Assuming that you have a font in your library which you exported with the class name myEmbeddedFont - instead of using font name in format.font property, you point to the exported library class name (format.font = new myEmbeddedFont().fontName;) like this:

var format:TextFormat= new TextFormat();
format.font = new myEmbeddedFont().fontName; // this doesn't work: format.font= "myFont";
var myTextField= new TextField();
myTextField.embedFonts= true;
myTextField.defaultTextFormat = format;

I wrote a more detailed instructions here:
http://www.nivas.hr/blog/2007/06/06/font-embedding-problems-in-flash-cs3-ide/
No screen name said on Jul 18, 2007 at 8:32 AM :
This is the most elegant solution I have found so far. Thank You, I spent all night reading about this little quirk, makes sense though.
JcFx.Eu said on Sep 27, 2007 at 3:30 AM :
The hack above causes problems if you want to embed more than one style of the same font. If you embed "myArial" and "myArialItalic" (the former without any style and the latter obviously with italic selected) and then try:

var format:TextFormat= new TextFormat();
format.font = new myArialItalic().fontName;

You don't get italic text unless you remove myArial from the library.

Is there any solution for this - it's quite a headache for developing text-editing applications?
djtechwriter said on Sep 27, 2007 at 9:48 AM :
You can learn more about embedding fonts here:
http://www.adobe.com/devnet/flash/quickstart/embedding_fonts/
Lukasz Falkowski said on Feb 11, 2008 at 7:36 AM :
@ JcFX:
Actually there is no problem with this.
Keeping your example, if you want to use italic version just use
format.italic = true;

It doesn't matter that myArialItalic().fontName and myArial().fontName return the same value, it's like identifier of whole font family.
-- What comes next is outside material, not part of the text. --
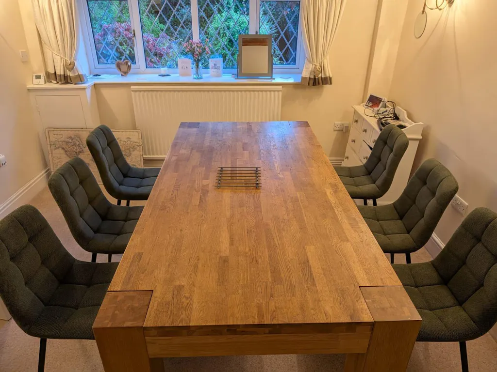 Perfect size for me, perfect colour for my dining room, easy to assemble. Might need slight tweaking on the pads for the feet. Didnt take more than 5 minutes to adjust. Would buy again

It's the same with using css & htmlText instead of TextFormat:
just use something like:
style = "p{ font-family: Arial; font-Style: italic; }";
style += "em{ font-family: Arial; font-Style: normal; }";

I agree that it's confusing for people who are used to AS2 (at least it was for me :) ) but I think that's the way it should be implemented from the beginning.
In AS2 when you ware NOT embedding fonts and using that css it was working fine (the same way as in AS3) but when you used embedded fonts with css there was no difference if you've put "font-Style: italic" or not. It was using italic only if font specified in "font-family:" was embedded as italic that's why you needed two different names for italic and normal version of the same font.

Oh, Dear Adobe, please be more careful writing your documentation! It's misleading people.
No screen name said on Oct 30, 2008 at 5:32 AM :
Hi, sorry for intruding with a question out of the context of this specific section. I want to know if we can develop OCR (Optical Character Recognition) application in Flash CS3. Could someone please give me a hint where to start on this.